ALL THROUGH
THE NIGHT...
Thursday,
April 27, 2023
(By: Karla
Wagener)
I never saw
my father after the 1998-1999 family Christmas reunion when all of my living
close relatives and friends got together in Albuquerque NM., (One niece drove
17 hours to be present even though she had to return to CA to go to work almost
immediately). (My youngest brother's wife was pregnant). All ten siblings were
present. But something incredible happened when he was dying in 2009.
Somehow, I
intuitively began calling him several times that day. It was expensive and
awkward for our situation to call at that time from Argentina so it was
unusual. I also called several of my siblings, hoping to tell them to see dad,
but only got recording machines. I felt something! Then I called him later that
night. I kept telling him to keep praying.

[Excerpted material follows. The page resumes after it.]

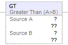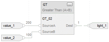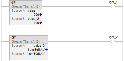 Rung-condition-in is true | Numeric compare: If Source A and Source B are not NANs and Source A is greater than Source B. Set Rung-condition-out to true else Clear Rung-condition-out to false. |
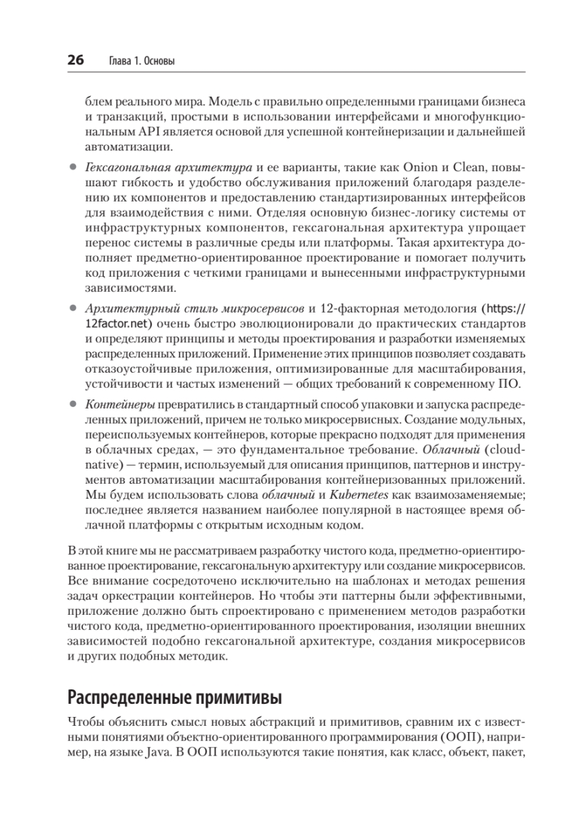 «Паттерны Kubernetes» — это не очередное справочное руководство по настройке кластеров или описанию API. Это фундаментальный труд, который отвечает на самый главный вопрос: «Как эффективно проектировать и строить приложения, предназначенные для работы в Kubernetes?». Билджин Ибрам и Роланд Хасс систематизировали лучшие практики сообщества, преобразовав их в паттерны. Книга учит не просто использовать Kubernetes, а мыслить категориями платформы, правильно комбинируя примитивы для создания отказоустойчивых, масштабируемых и удобных в эксплуатации систем. Это must-read для любого разработчика, который хочет выйти за рамки простого деплоя контейнеров и овладеть всеми возможностями Kubernetes.Каждый паттерн включает описание проблемы и решение с использованием Kubernetes. Все паттерны сопровождаются конкретными примерами кода. Это обновленное издание идеально подходит для разработчиков и архитекторов, которые знакомы с базовыми концепциями Kubernetes, но хотят узнать, как решать задачи проектирования с помощью проверенных паттернов.Вы изучите:• Базовые паттерны, охватывающие основные принципы и практики создания и запуска облачных приложений на основе контейнеров.• Поведенческие паттерны для управления различными типами взаимодействий контейнеров и платформ.• Структурные паттерны для организации контейнеров под конкретные сценарии использования.• Паттерны конфигурации, которые дают представление о том, как конфигурации приложений могут обрабатываться в Kubernetes.• Паттерны безопасности для усиления защиты приложений, работающих в Kubernetes, и повышения их безопасности.• Продвинутые паттерны, охватывающие более сложные сценарии, такие как операторы, автомасштабирование и сборки образов в кластере.

I knew he was a person of faith,
even in his hard headed way. The attendant picked up the phone and said he had
gone into some sort of a coma and could no longer talk. So I said to her
"tell him we love him". The next day when I called again she told me
she had someone sit with him all through the night until he left this world. In
some supernatural way I feel as if we were with him spiritually even though I was
15,000 miles away and that there was a special understanding between us.
What I didn't know at that time is that he had kept the following poem on a hard card I had made printed out and given to everybody. My brother had sent me dad's copy along with other personal and religious objects that had belonged to dad's sister, Aunt Regina, after she died. I only looked at the back and saw dad's message a few days ago. On the back he wrote, "I have a copy of this". This all makes me believe he intuitively felt he wouldn't see me again so he left that message.
They told me that they read a poem of dad's, Aunt Regina and mine at Dad's funeral. I can only think it was this poem.
All this
experience has opened a door of understanding for me regarding many things. It
helps me to understand that there really is an afterlife. Going there is like
preparing for a journey. I have moved many times in my life. I have traveled
far. Each time I find myself in better surroundings so I expect the final
journey to result as the best. All this gives me much strength and courage in
life.
In June of
this year my family is celebrating the 50 years anniversary of our oldest
brother's marriage in Albuquerque. I
plan to go. All of us siblings are over 60 now. It is quite emotional to take this trip and as all changes there is uncertainty about how it will be. Definitely it will be rewarding. Surely, it will not be
possible to reunite all of us as we once did, but I am convinced Dad will be
there in Spirit and feel blessed to be part of a group of people (although with some differences in the way we think) who are united
in a same Spirit of concern and care! This also makes me realize how important our positive actions are. Peace and spirit will surely embrace us.